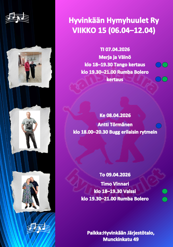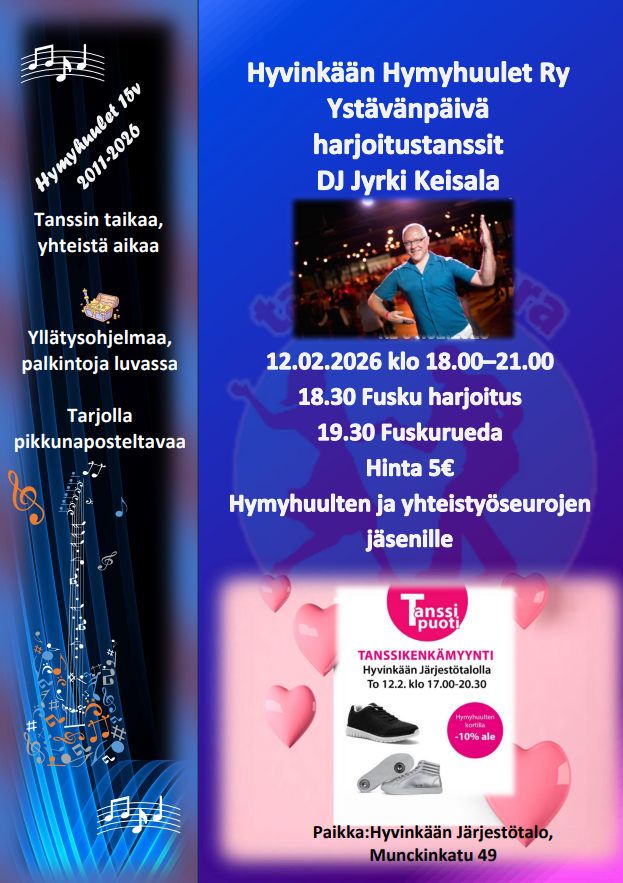 -saat 2 euron alennuksen Hyvinkään Järjestötalon tansseista näyttämällä jäsenkortin
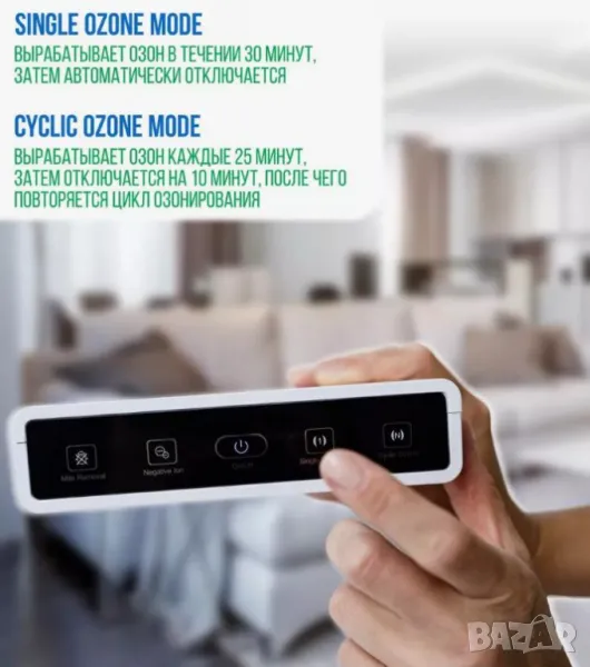 Внимание: Озон функциите се пускат, само когато няма хора и домашни любимци в стаята/офиса/кабинета/автомобила! След автоматичното изключване от 15 минути или ръчно изключване на цикличното пречистване, помещението се проветрява хубаво и е вече годно за нормално дишане!
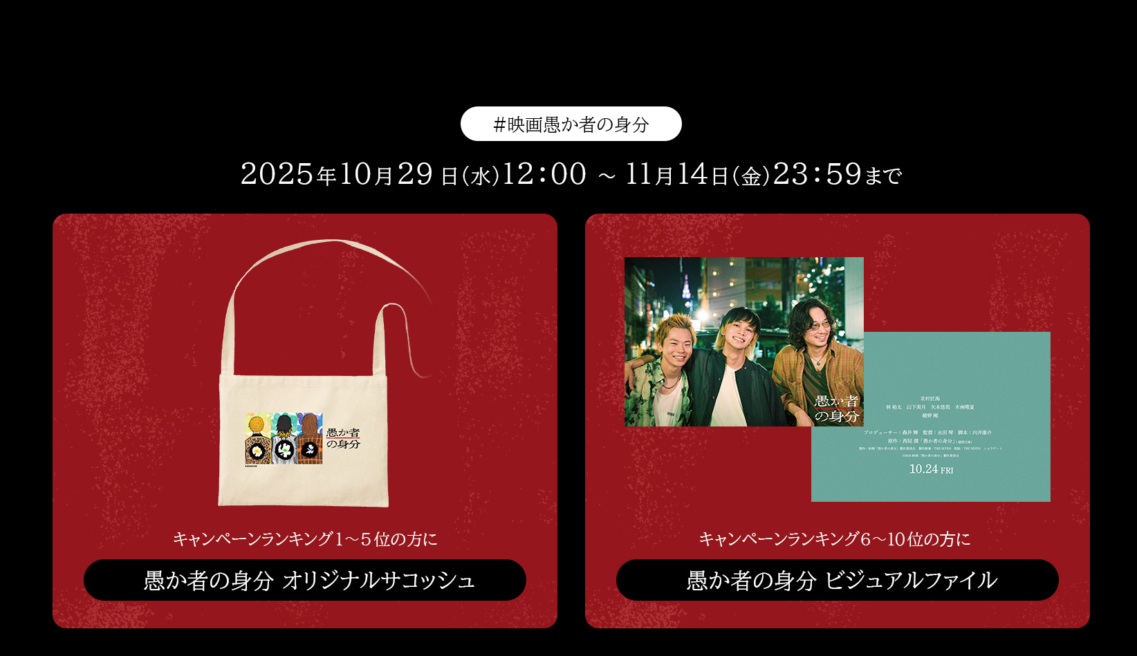 ・映画「愚か者の身分」製作委員会および GOOD SHARE株式会社は、キャンペーンに関して第三者に⽣じたいかなる損害やトラブルについても、⼀切の責任を負いません。
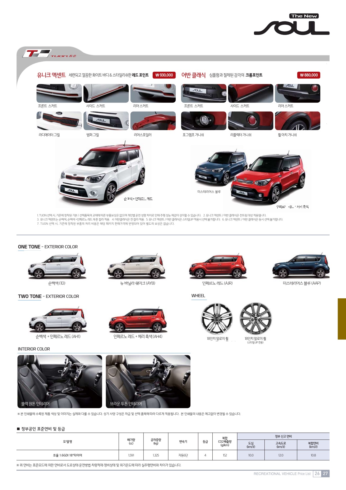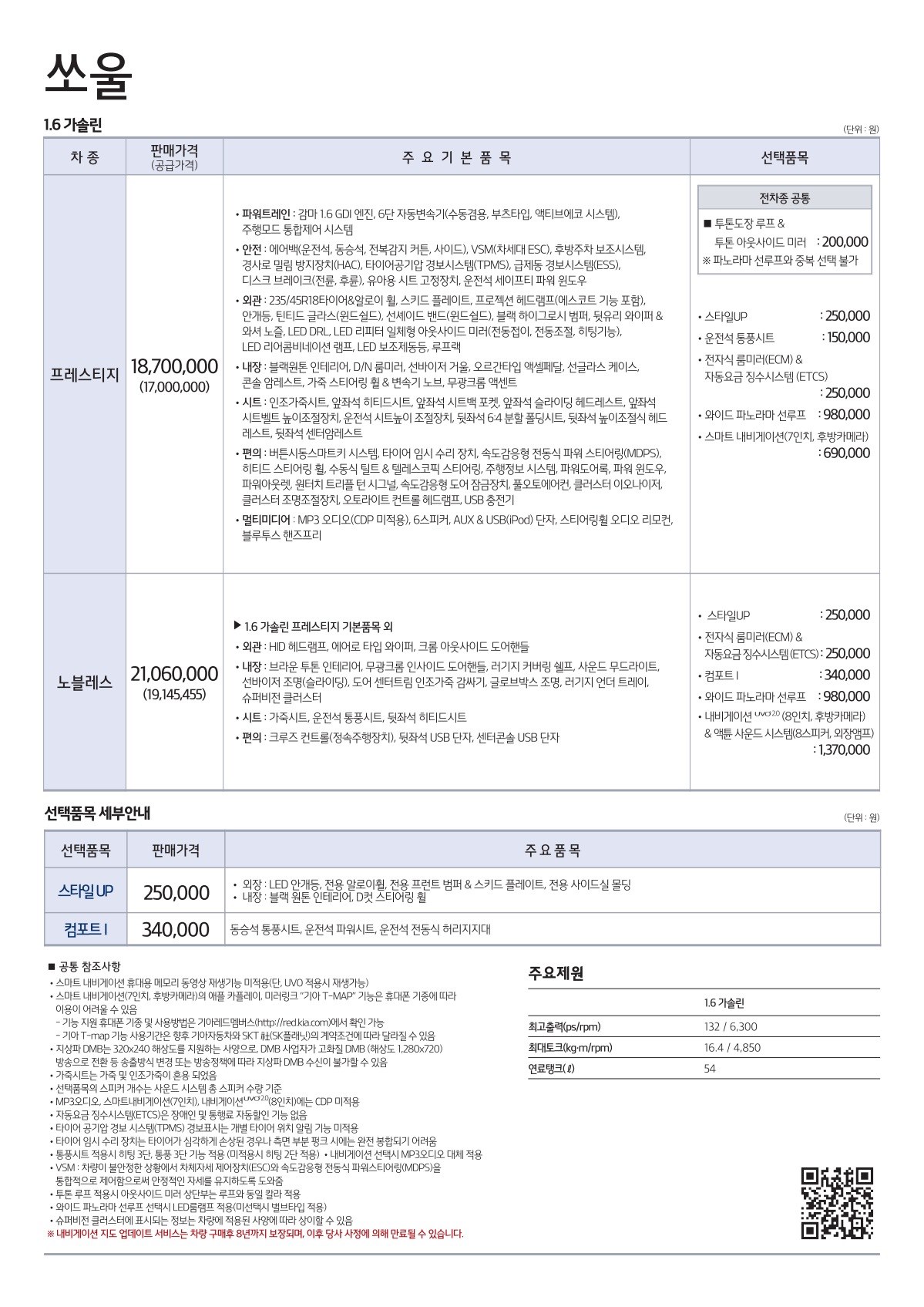 2016년 9월 올뉴쏘울(PS) 신차가격표

_What needs to be done_
Word for word, write out the full listing, leaving the pictures aside.

_Your response_
 -saat 2 euron alennuksen Hyvinkään Järjestötalon tansseista näyttämällä jäsenkortin
 Внимание: Озон функциите се пускат, само когато няма хора и домашни любимци в стаята/офиса/кабинета/автомобила! След автоматичното изключване от 15 минути или ръчно изключване на цикличното пречистване, помещението се проветрява хубаво и е вече годно за нормално дишане!
 ・映画「愚か者の身分」製作委員会および GOOD SHARE株式会社は、キャンペーンに関して第三者に⽣じたいかなる損害やトラブルについても、⼀切の責任を負いません。
 2016년 9월 올뉴쏘울(PS) 신차가격표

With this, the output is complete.